** WORK ORDER **
Range to copy from the entries below: the line containing "Black and white" through the line containing "Medal of the", inclusive. Retype only those lines, exactly, without any images.

** SUPPLIED INFORMATION **
+ + + + + + +

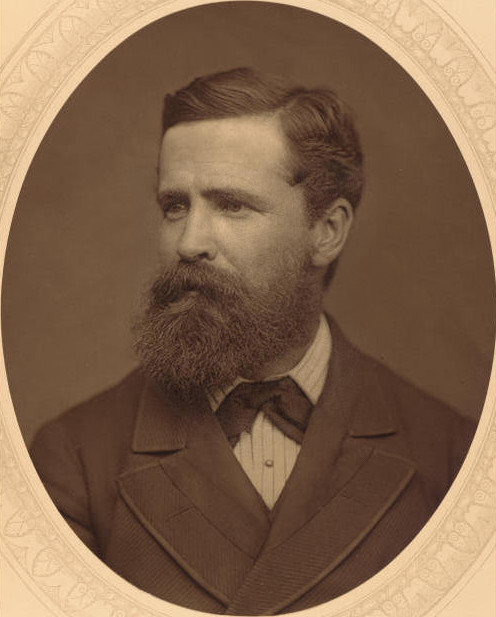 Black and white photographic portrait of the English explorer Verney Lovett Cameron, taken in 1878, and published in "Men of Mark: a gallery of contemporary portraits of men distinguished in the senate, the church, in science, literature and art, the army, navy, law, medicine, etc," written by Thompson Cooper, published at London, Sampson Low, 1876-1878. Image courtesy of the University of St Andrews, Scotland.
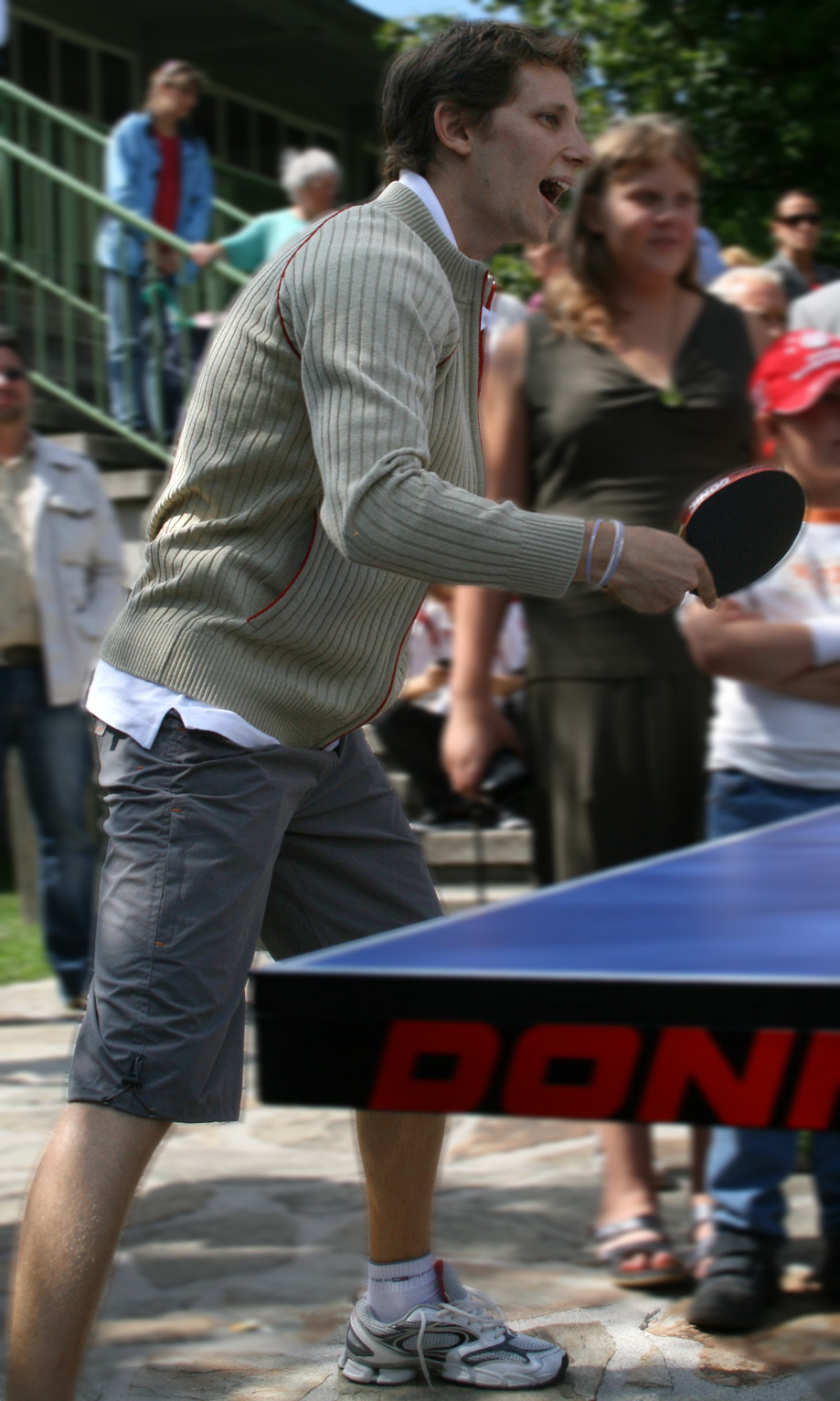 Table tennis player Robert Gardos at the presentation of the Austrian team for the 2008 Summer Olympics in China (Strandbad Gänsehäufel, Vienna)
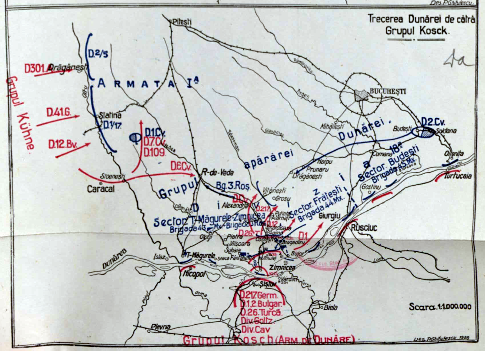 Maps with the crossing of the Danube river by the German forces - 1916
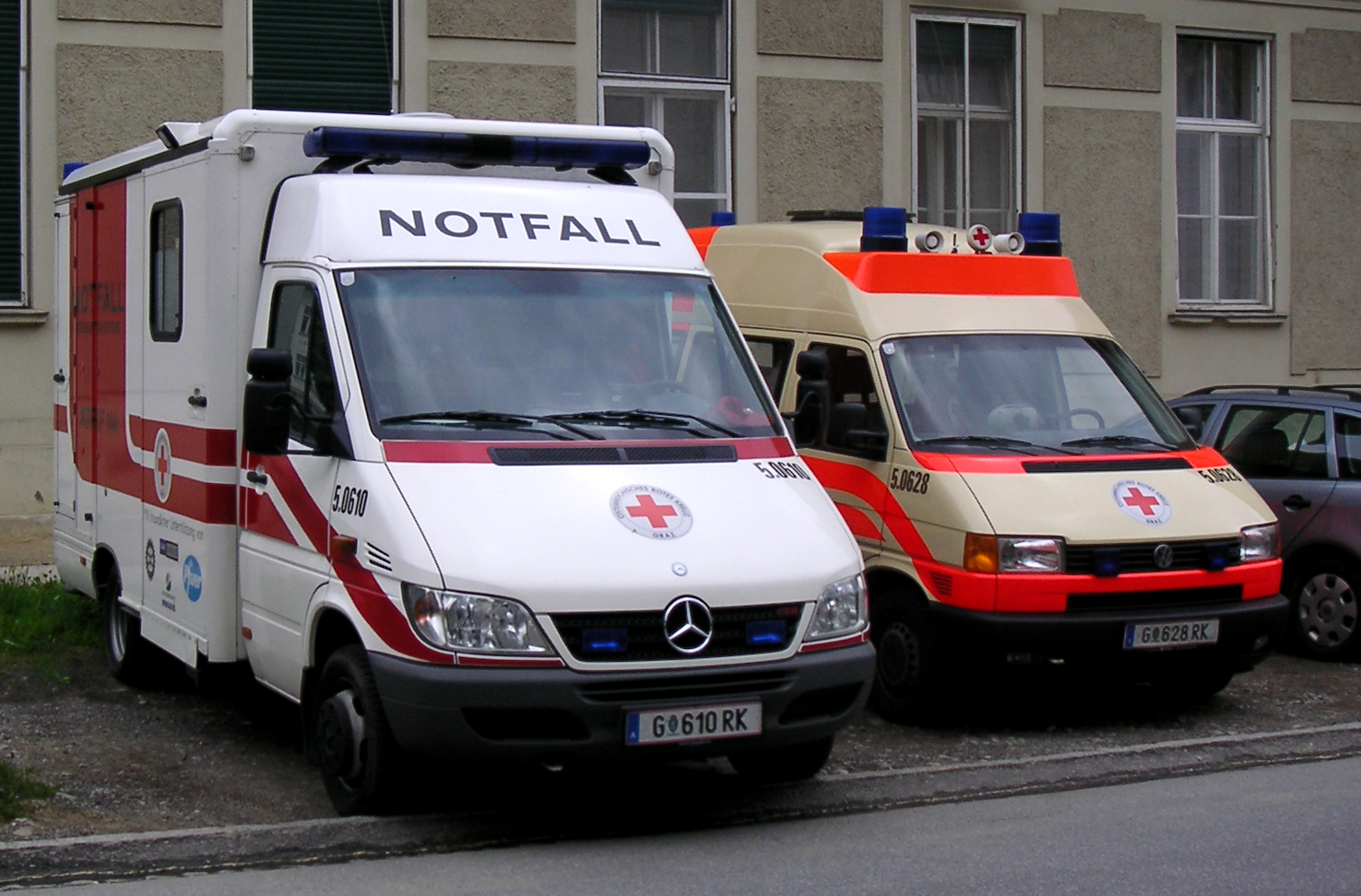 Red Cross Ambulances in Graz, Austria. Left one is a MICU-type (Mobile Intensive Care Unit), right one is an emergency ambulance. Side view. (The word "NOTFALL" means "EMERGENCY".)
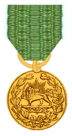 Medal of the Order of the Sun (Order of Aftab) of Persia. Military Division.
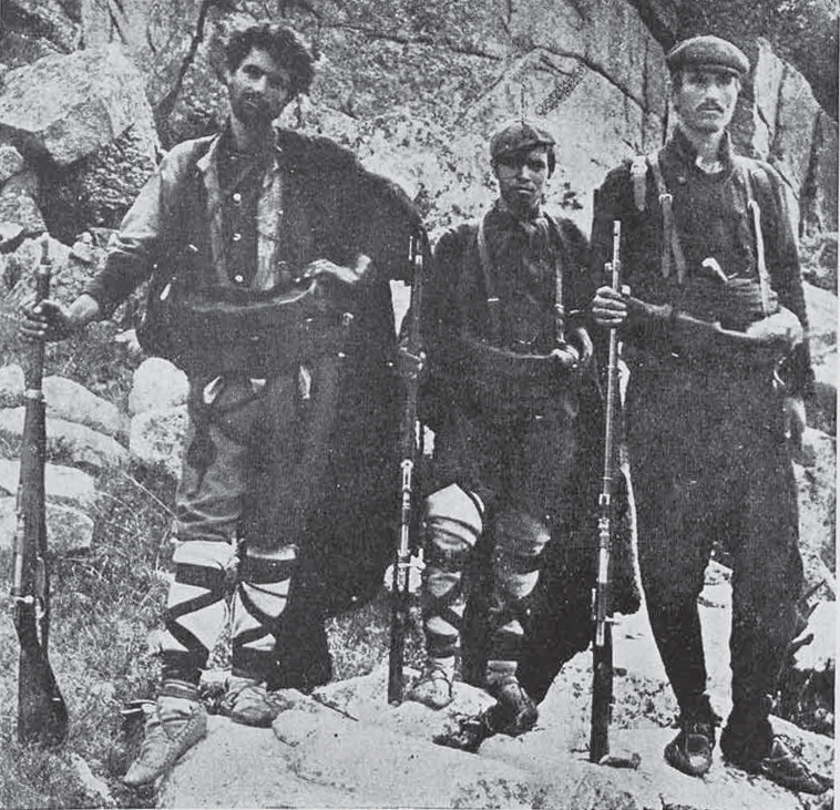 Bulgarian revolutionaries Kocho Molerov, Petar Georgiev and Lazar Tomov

+ + + + + + +

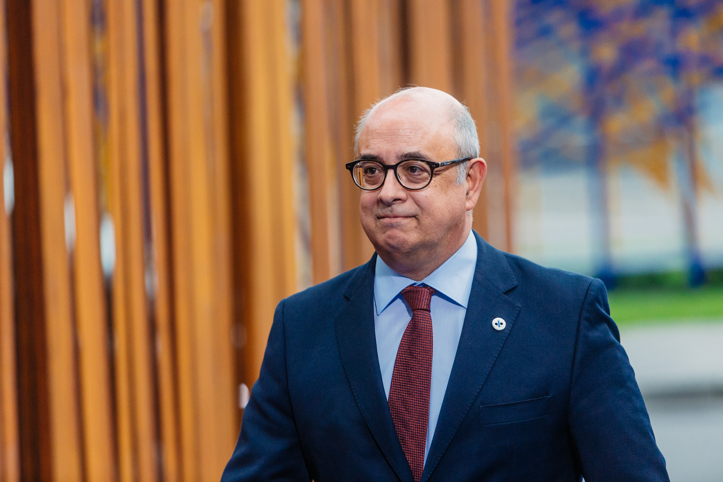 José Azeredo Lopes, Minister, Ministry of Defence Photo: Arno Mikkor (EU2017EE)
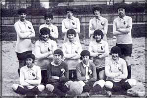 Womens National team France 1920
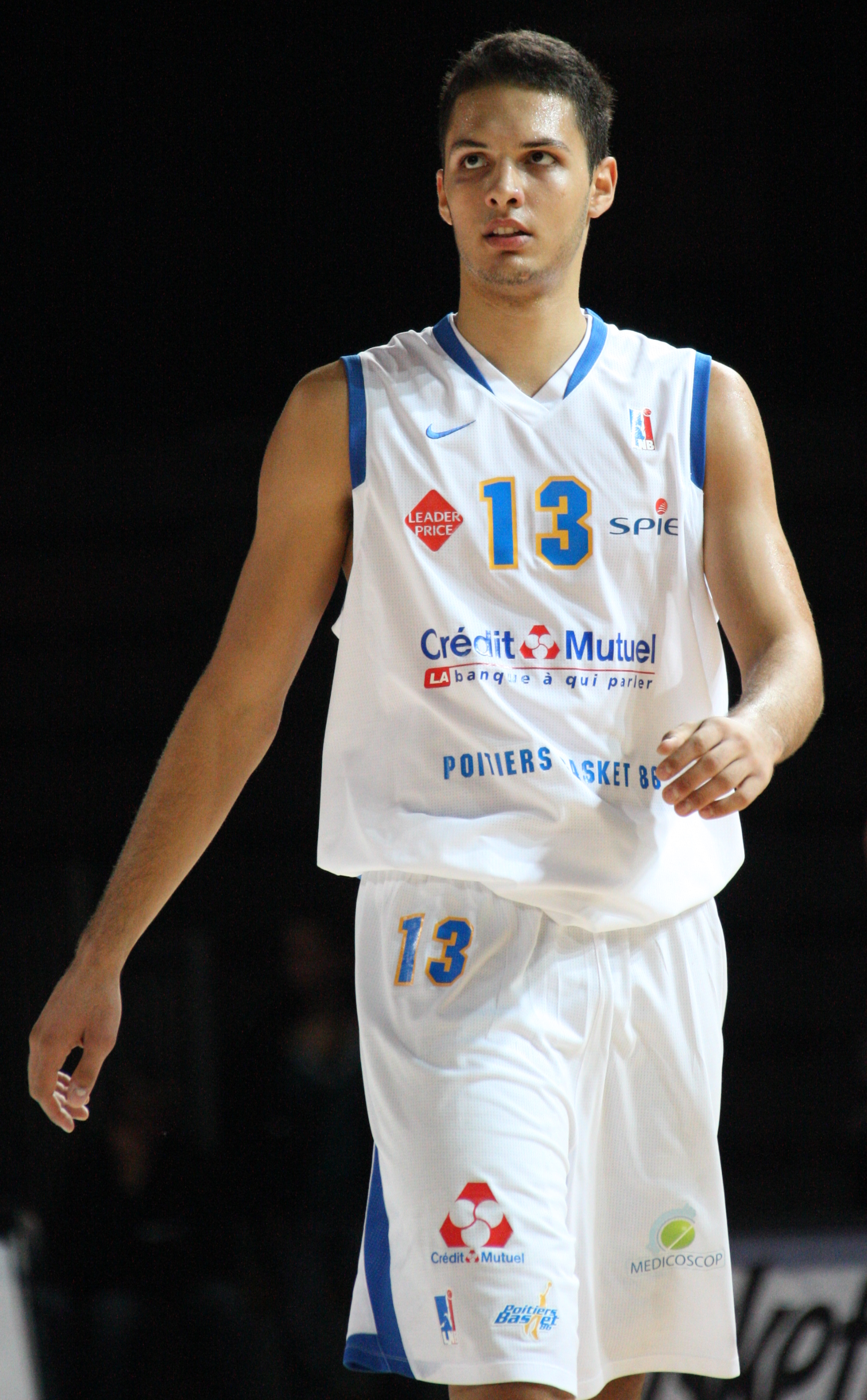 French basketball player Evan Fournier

+ + + + + + +

** WRITTEN REPLY **
 Black and white photographic portrait of the English explorer Verney Lovett Cameron, taken in 1878, and published in "Men of Mark: a gallery of contemporary portraits of men distinguished in the senate, the church, in science, literature and art, the army, navy, law, medicine, etc," written by Thompson Cooper, published at London, Sampson Low, 1876-1878. Image courtesy of the University of St Andrews, Scotland.
 Table tennis player Robert Gardos at the presentation of the Austrian team for the 2008 Summer Olympics in China (Strandbad Gänsehäufel, Vienna)
 Maps with the crossing of the Danube river by the German forces - 1916
 Red Cross Ambulances in Graz, Austria. Left one is a MICU-type (Mobile Intensive Care Unit), right one is an emergency ambulance. Side view. (The word "NOTFALL" means "EMERGENCY".)
 Medal of the Order of the Sun (Order of Aftab) of Persia. Military Division.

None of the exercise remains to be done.